Tuesday, December 27, 2011

Living Slow


I’ve been living Slow for a few days: slow cooking – cookies, pastries, all the trimmings for Christmas dinner – polishing, cleaning, wrapping presents, festive decorating – and then two perfect days of food and conversation, board games and laughter.

On Christmas Eve, after the dishes were done and the extra guests had left, my daughter and her husband sat with me for a bedtime recap of the day.  I don’t know, Katie said, if I can continue this tradition.  It is all so…much!   Katie is a doctor, her husband the CEO of a social media company; their lives are intense, fast-paced.  Katie is on call for the rest of the holidays; Ben has various meetings scheduled, emerging issues, new challenges.   They live in a beautiful condo downtown Vancouver, but all of us smile at the image of our Christmas clan – and trimmings – shoehorned into the space.

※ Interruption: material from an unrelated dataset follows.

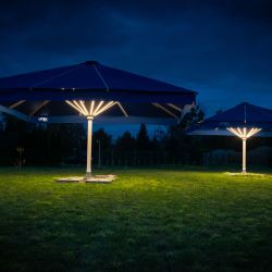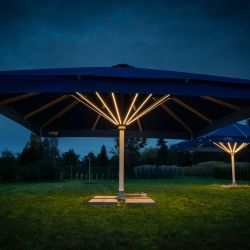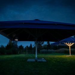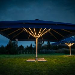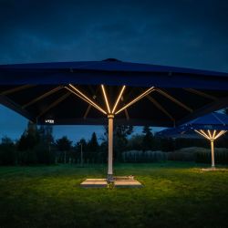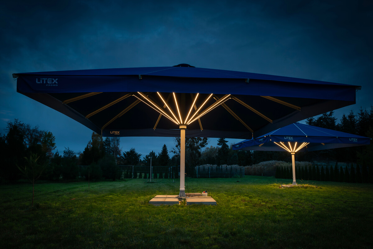 Komfort po zmroku – duży parasol gastronomiczny z oświetleniem LED
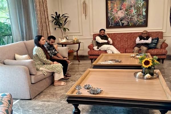 भोपाल : उप मुख्यमंत्री राजेन्द्र शुक्ल ने बुधवार को पूर्व मंत्री जयन्त मलैया के निवास पहुँचकर उनके स्वास्थ्य की जानकारी ली। उन्होंने मलैया के शीघ्र स्वास्थ्य लाभ की कामना की। उप मुख्यमंत्री शुक्ल ने विभिन्न विषयों पर मलैया से चर्चा भी की।

At first I thought, perhaps it doesn’t matter.  Perhaps these traditions are simply the continuation of “women’s work,” a kind of subjugation to kitchen that is no longer appropriate in this new world.  But by morning I had rethought.  Although it no doubt will have to continue differently – and it has to become the work of everyone – I’m pretty sure that this “women’s work” – slow, loving, knitting together of family and friends – is essential to continue.  I say work, because I’m pretty sure that what’s important is that it can’t be instant – a phone call to a caterer, let’s say.  I think what matters – and it matters now more than ever as the pace of living increases – is that it is Slow.